[Dataset excerpts]

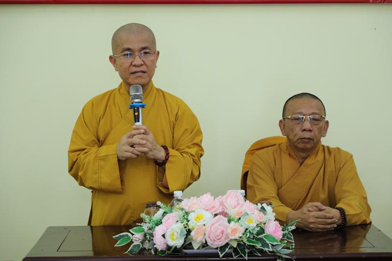 TT.Thích Quảng Tuấn, Ủy viên Thường trực Hội đồng Trị sự, Phó Trưởng ban Hướng dẫn Phật tử T.Ư phát biểu tại buổi lễ trao quà
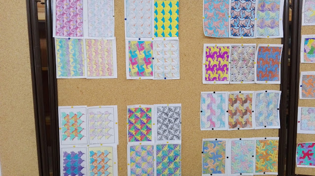 Estudo da obra de Escher na aulas de matemática do 8º ano, resultaram estas composições coloridas. Cada obra foi desconstruída para que os alunos entendessem o processo de construção através de associação organizada de formas geométricas.
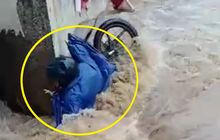 Tak disangka, banjir yang arusnya cukup kuat ini membuat seorang pengendara motor hanyut hingga meninggal dunia
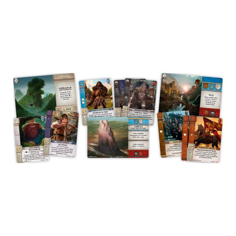 La caja de esta expansión incluye 60 cartas de facción, 9 nuevos senderos, 9 nuevos campos de batalla y 13 escaramuzas, un tipo inédito de enfrentamiento que representa poblaciones y emplazamientos menores clave en la Guerra del Anillo, como los Vados del Isen o Bree. Gracias a estos elementos, los jugadores vivirán conflictos más variados y con mayor riqueza táctica.
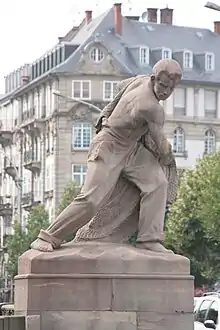 Après l'extension de l'hôpital civil de 1875 à 1918, Gustave Oberthür demande à Alfred Marzolff de réaliser le buste du professeur de pathologie chirurgicale (1871-1900) Eugène Boeckel (1903) dans l'enceinte de l'Hôpital civil, derrière l'ancienne pharmacie[52]. Sa statue Allégorie de la maladie pour la commémoration de Pasteur n'est pas retenue. Cette statue d'un homme terrassant un serpent (1919) sera installé en haut des escaliers de l'Institut de bactériologie devant l'entrée des Urgences de l'hôpital civil de Strasbourg, 3, rue Koeberlé.
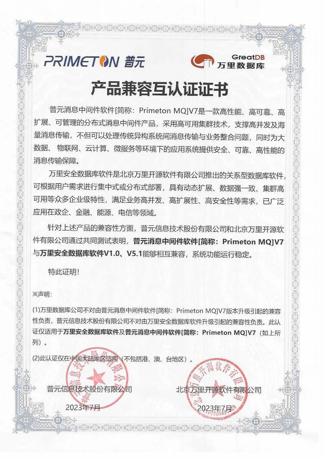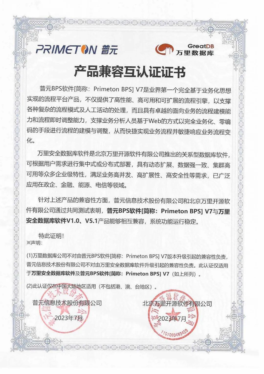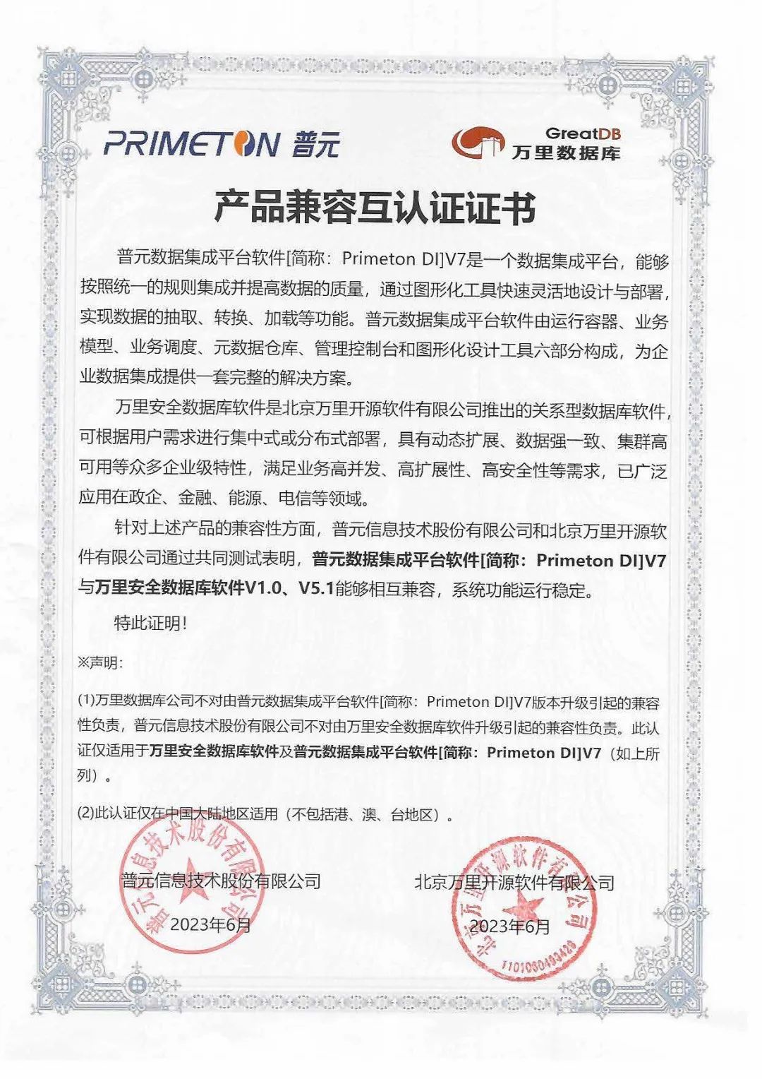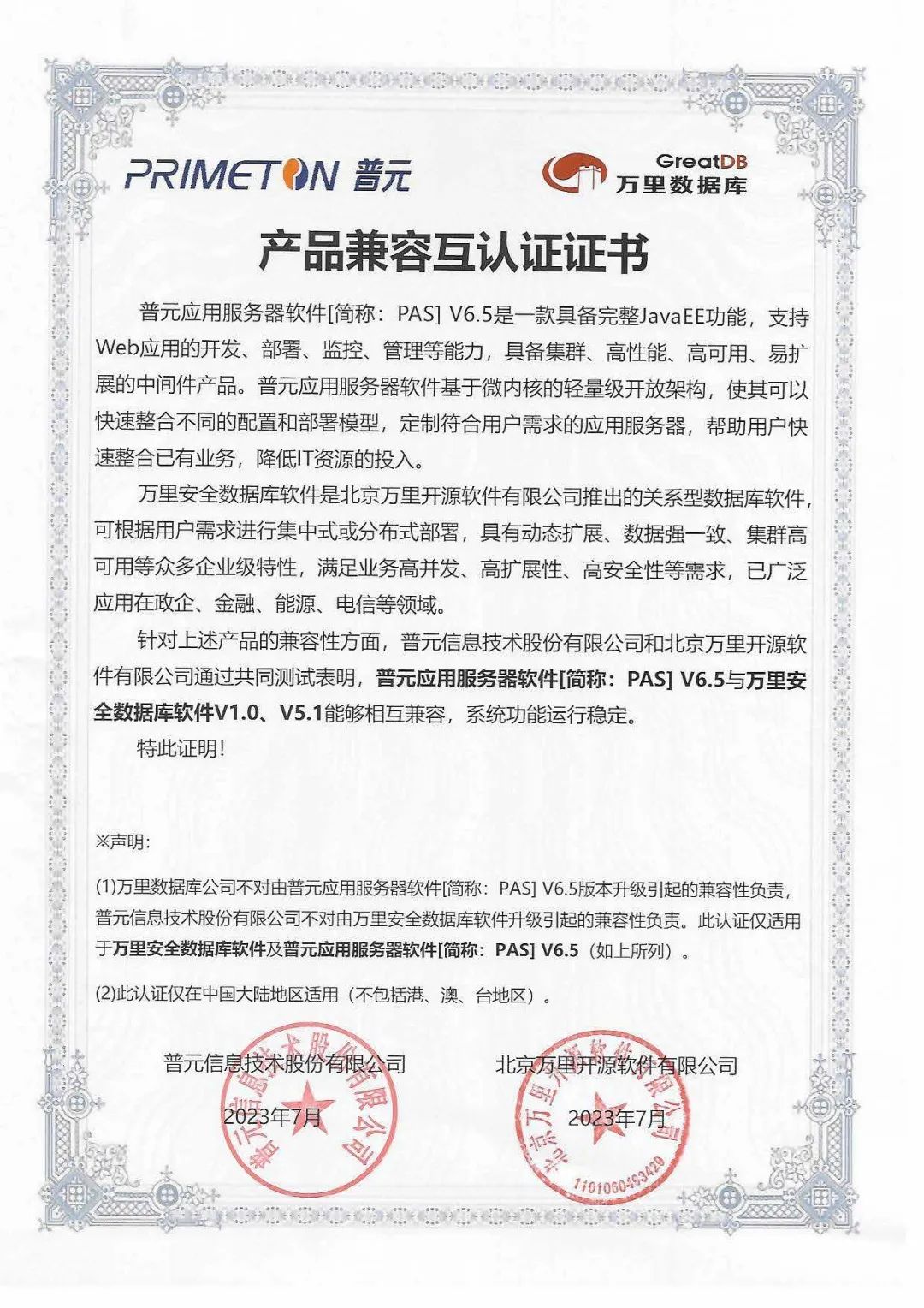 近日,北京万里开源软件有限公司(以下简称:万里数据库)与普元信息技术股份有限公司(以下简称:普元信息)完成了产品的兼容性互认证,万里安全数据库软件V1.0、V5.1与普元信息自主研发的8款信创中间件产品实现完美兼容。
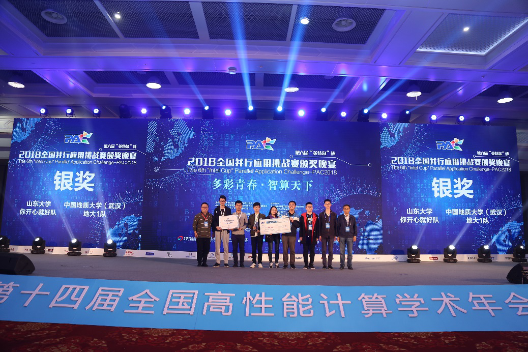 10月20日,国内两大超算赛事——第六届全国并行应用挑战赛(PAC2018)和第二届国产CPU并行应用挑战赛(CPC2018)在青岛国际会展中心落下帷幕。我校成人影院 高性能计算导师团队(王力哲、张锋、武进霞、董理君)联合指导的两支代表队,从全国四大赛区168支参赛队伍中突围进入16强决赛,与来自清华、中科大、中科院、上海交大、中山大学、山东大学、中国海洋大学、香港中文大学等单位的决赛队伍同场竞技,最终地大之光超算1队(雷辛亚、郭睿欣、马永耀、薛尔康)在PAC优化赛道中以季军的成绩获得银奖和1万元奖金;地大之光超算2队(李瑞、张晓涵、董宇、姜家伟)以全国16强的成绩分获CPC和PAC中南赛区一等奖和4千元奖金。
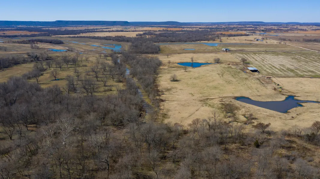 Turnkey Farm & Ranch Opportunity. Excellent perimeter barbed wire fence. 9 big & small traps cross fenced, some W Woven wire over barbed wire. Mobile home site with water, electric, and septic. 50x80 red steel hay barn with wall. Pipe cattle working pens. 3 stocked ponds. North pond has frost free waterer. South pond has controlled livestock access. South Dirty Creek bisects the property. Water and wildlife year round!
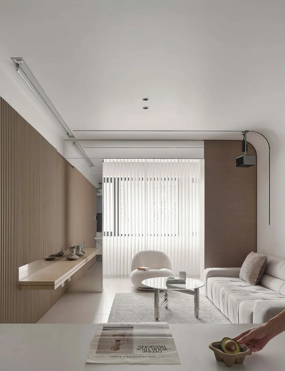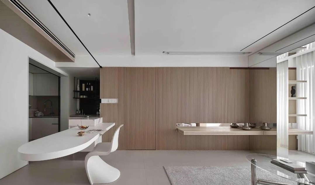隐形门:整面木格栅背景墙巧妙隐藏主卧门,保持立面统一。
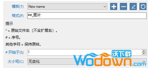 定制名称格式除了它规定的特殊符号,#代表添加的序号,#的个数代表位数,*代表原文件名,其它的字符都会做保留,在右边可以看到效果。
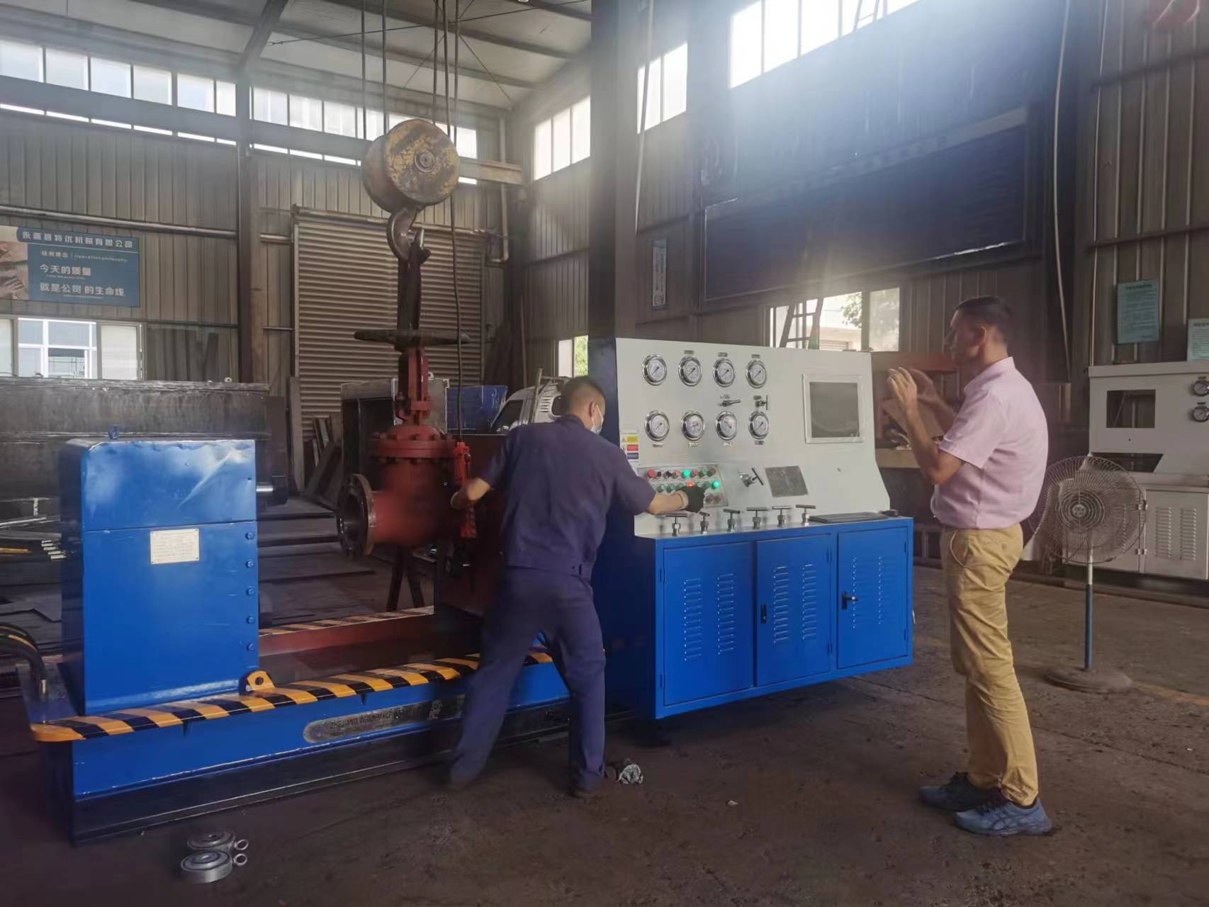 一、被試閥門的裝夾按該測試臺型號選擇通徑大不的被試閥門(閥門試壓機),調整測試臺的左向工作裝夾位置,將被試的閥門放在測試臺左向夾緊工作臺的密封盤中心,點動 <左徑向進>按鈕,將壓爪進到被試閥門的法蘭背后面的正確位置,按<左軸向緊>按鈕<參照夾緊油缸所需壓力對照表 >中的液壓壓緊系統(tǒng)<增壓>;PN值,按<左向增壓>按鈕,調節(jié)<增壓調節(jié)閥>,將<左增壓表>;的壓力和夫緊油缸所需壓力對照表中的閥門通徑、壓力、 PN值相同,一切正確后,關閉<;氣總開關、氣表開關泄壓開關>。開<水總開關、左向進水>既可作被試閥門密封測試。
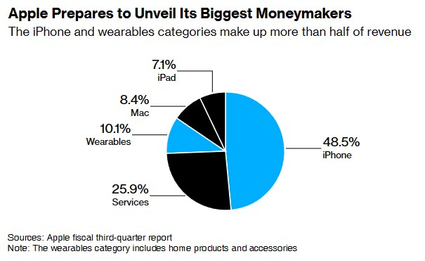 iPhone是苹果最大的收入来源,约占其销售额的一半;如果再加上Apple Watch和AirPods,三者的收入占该公司销售额的60%。如今,全球消费电子行业处于低迷之中,苹果也未能幸免。iPhone的销售放缓拖累了苹果的整体收入,苹果在截至今年7月1日的第三财季连续第三个季度出现销售同比下滑,且类似情况预计将延续至第四财季。
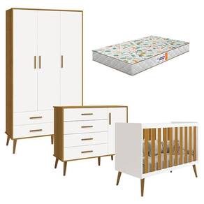 Quarto de Bebê Isis 3 Portas Branco Acetinado Savana com Colchão Gazin - Reller

[/Dataset excerpts]

◆ Directions for this task: Exactly the lines starting at the one above with "Tak disangka, banjir" and ending at the one with "La caja de esta" should be printed, and nothing else. Omit the pictures.

◆ Solution:
 Tak disangka, banjir yang arusnya cukup kuat ini membuat seorang pengendara motor hanyut hingga meninggal dunia
 La caja de esta expansión incluye 60 cartas de facción, 9 nuevos senderos, 9 nuevos campos de batalla y 13 escaramuzas, un tipo inédito de enfrentamiento que representa poblaciones y emplazamientos menores clave en la Guerra del Anillo, como los Vados del Isen o Bree. Gracias a estos elementos, los jugadores vivirán conflictos más variados y con mayor riqueza táctica.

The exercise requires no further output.